# DATA SEGMENT:
+++++
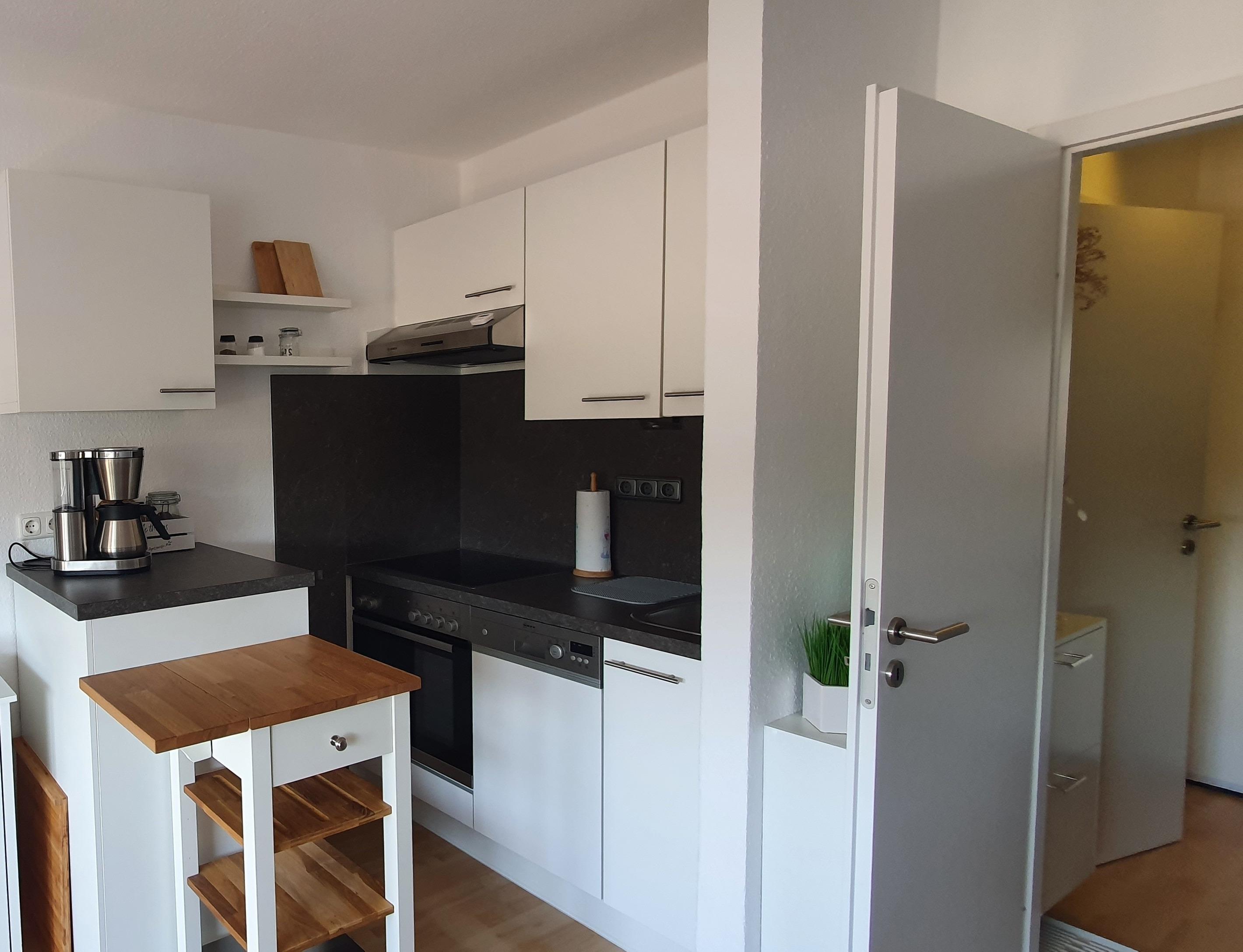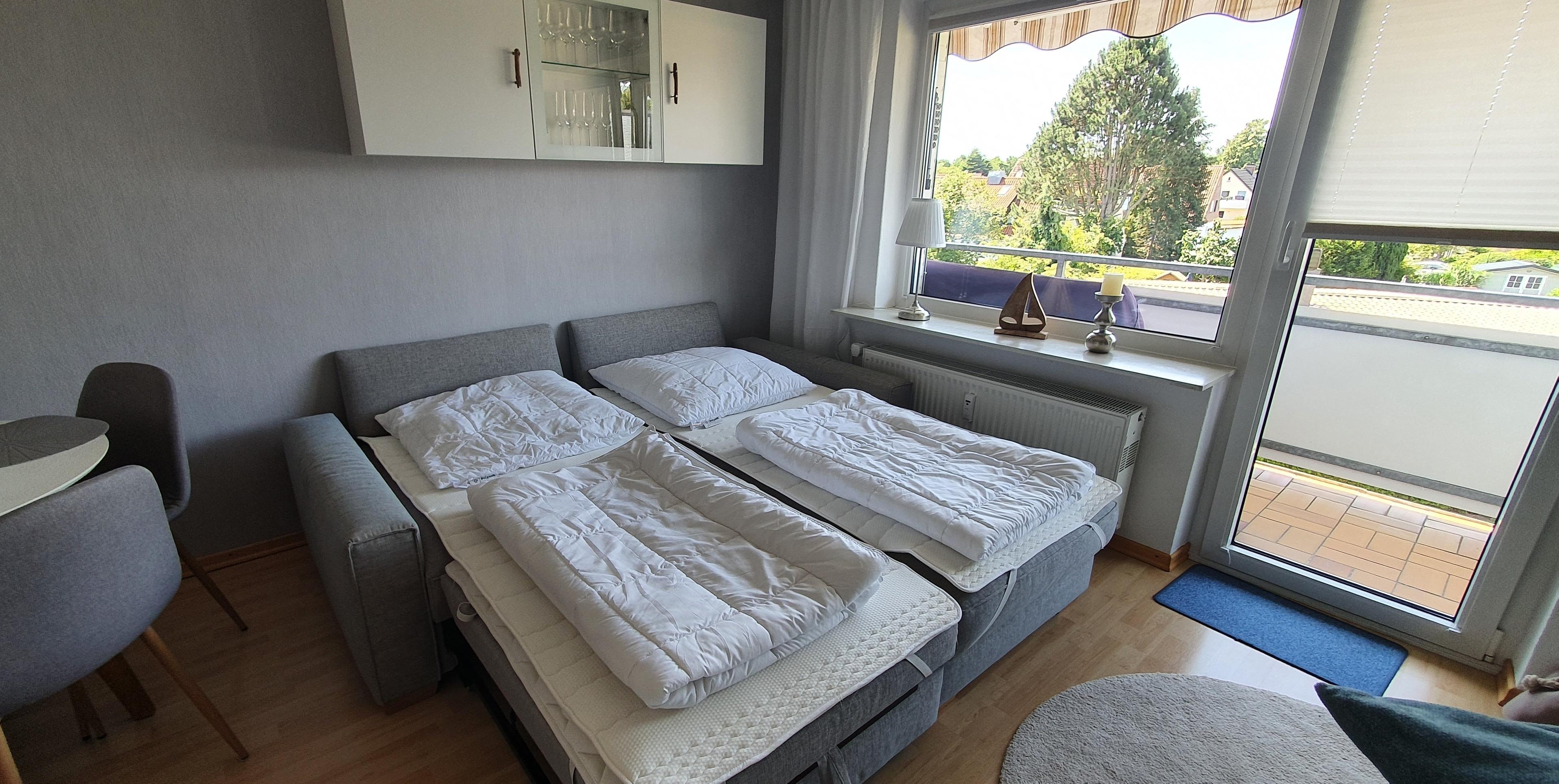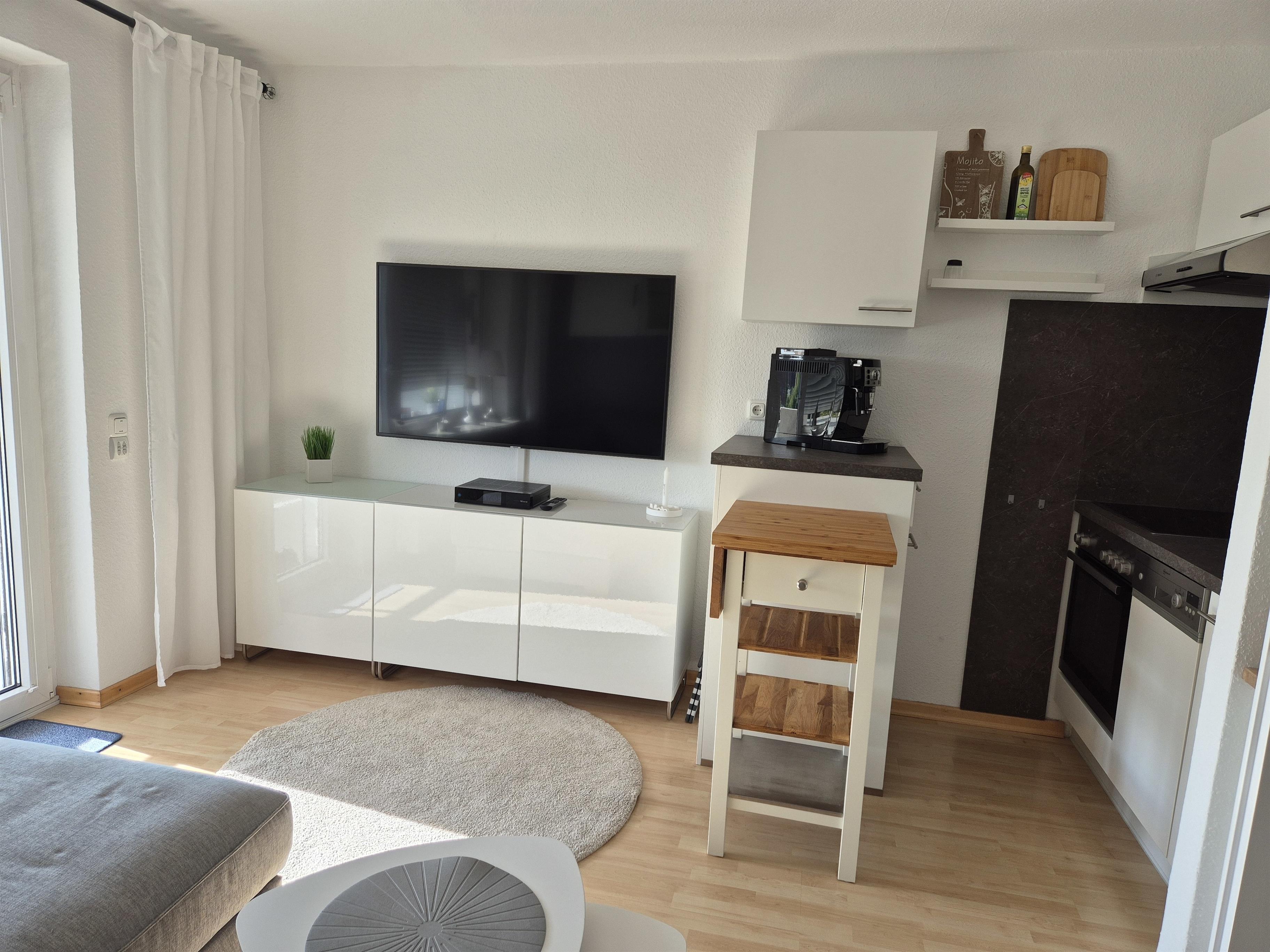 Es befindet sich eine Schlafnische mit einem 120×200 cm Bett und im Wohnzimmer eine neuen (Schlaf)Couch 180×200cm Liegefläche. Es schließt sich nahtlos der Essbereich mit Esstisch an. Daneben befindet sich die offene Küche. Die neue Küchenzeile ist mit einer Geschirrspülmaschine, Kühlschrank mit Gefrierfach, Herd und Cerankochfeld, Kaffeemaschine, Wasserkocher, Toaster ausgestattet.
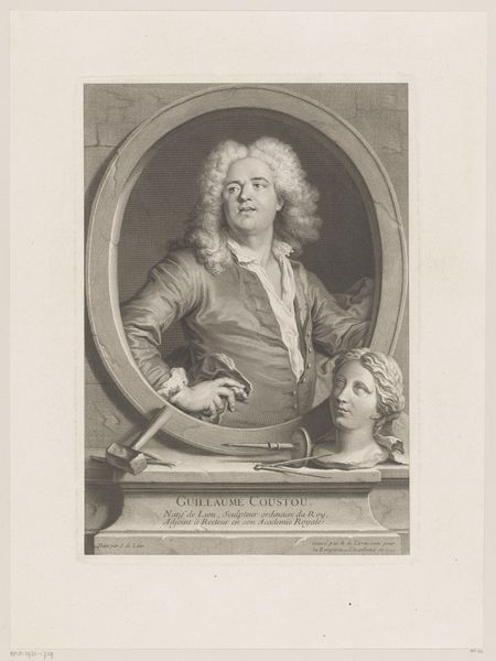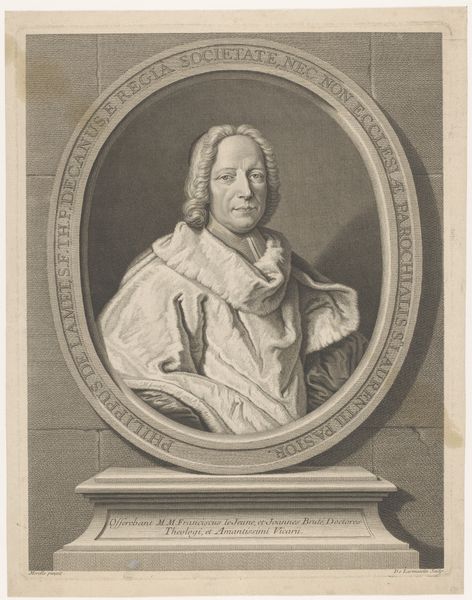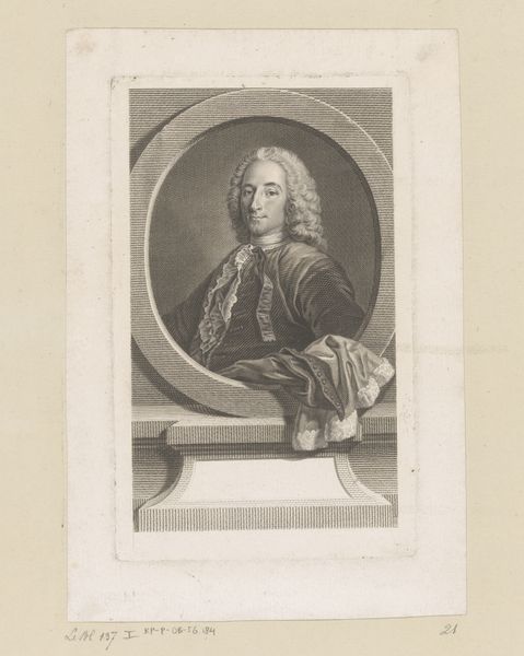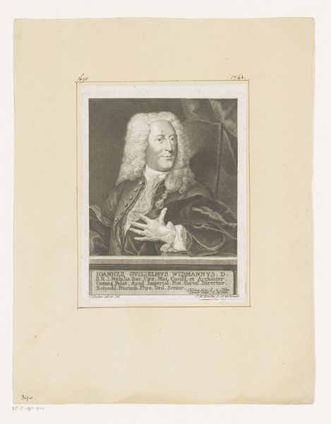 Curator: This is a rather striking portrait. John Faber II created this engraving in 1748, titling it "Portret van John Philipps." Editor: My initial response is one of somewhat detached authority. The sitter’s pose and the severe light cast a serious mood—a sense of absolute control—but something also feels subtly performative, doesn't it? Curator: Precisely. Faber masterfully utilizes the engraving technique, employing a dramatic baroque aesthetic to depict Philipps. Consider the careful etching; the hatching defines the subject’s form, bringing an imposing weight. Editor: But look closely—this weight, this authority, it's also carefully constructed. It is important to think about what this level of representation could mean in terms of both individual and political identity during this era. Notice the emphasis on attire: a symbol of belonging to a privileged social strata, or what it might have meant to portray oneself as a gentleman in a time of rapidly shifting political ideologies. Curator: Indeed, his garments indicate his social rank. And it’s worth noting how Faber's decision to foreground detail draws attention to the man's physical presence. The cascade of his wig, the slight shine on his jacket...it's a detailed exercise in visibility. Editor: Right, visibility—who gets to be seen, and how? That piercing gaze seems designed to solicit your immediate submission. Also, I keep coming back to that pointed finger: at whom, or at what, is this man directing his ambition? It may give an interesting view into gender dynamics and performances of masculinity at the time. Curator: A question to contemplate! I do believe, that from a strictly aesthetic standpoint, it’s a remarkable showcase of engraving. The texture, the lighting—Faber really understood how to push the medium's possibilities. Editor: Absolutely. Understanding those formal choices only enriches our reading of it, especially once we think about art’s function in shaping not only perception but power itself. Thanks for offering such helpful historical and artistic context, It will prompt further research for sure.
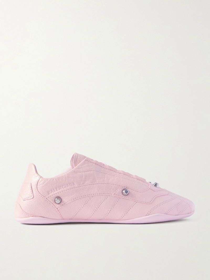 They have a slim profile, modeled on retro runners, and are made from crinkled-leather with debossed logos.
+++++
Without the images, write out each line of the data verbatim.

# SOLUTION TO THIS EXERCISE:
 Es befindet sich eine Schlafnische mit einem 120×200 cm Bett und im Wohnzimmer eine neuen (Schlaf)Couch 180×200cm Liegefläche. Es schließt sich nahtlos der Essbereich mit Esstisch an. Daneben befindet sich die offene Küche. Die neue Küchenzeile ist mit einer Geschirrspülmaschine, Kühlschrank mit Gefrierfach, Herd und Cerankochfeld, Kaffeemaschine, Wasserkocher, Toaster ausgestattet.
 Curator: This is a rather striking portrait. John Faber II created this engraving in 1748, titling it "Portret van John Philipps." Editor: My initial response is one of somewhat detached authority. The sitter’s pose and the severe light cast a serious mood—a sense of absolute control—but something also feels subtly performative, doesn't it? Curator: Precisely. Faber masterfully utilizes the engraving technique, employing a dramatic baroque aesthetic to depict Philipps. Consider the careful etching; the hatching defines the subject’s form, bringing an imposing weight. Editor: But look closely—this weight, this authority, it's also carefully constructed. It is important to think about what this level of representation could mean in terms of both individual and political identity during this era. Notice the emphasis on attire: a symbol of belonging to a privileged social strata, or what it might have meant to portray oneself as a gentleman in a time of rapidly shifting political ideologies. Curator: Indeed, his garments indicate his social rank. And it’s worth noting how Faber's decision to foreground detail draws attention to the man's physical presence. The cascade of his wig, the slight shine on his jacket...it's a detailed exercise in visibility. Editor: Right, visibility—who gets to be seen, and how? That piercing gaze seems designed to solicit your immediate submission. Also, I keep coming back to that pointed finger: at whom, or at what, is this man directing his ambition? It may give an interesting view into gender dynamics and performances of masculinity at the time. Curator: A question to contemplate! I do believe, that from a strictly aesthetic standpoint, it’s a remarkable showcase of engraving. The texture, the lighting—Faber really understood how to push the medium's possibilities. Editor: Absolutely. Understanding those formal choices only enriches our reading of it, especially once we think about art’s function in shaping not only perception but power itself. Thanks for offering such helpful historical and artistic context, It will prompt further research for sure.
 They have a slim profile, modeled on retro runners, and are made from crinkled-leather with debossed logos.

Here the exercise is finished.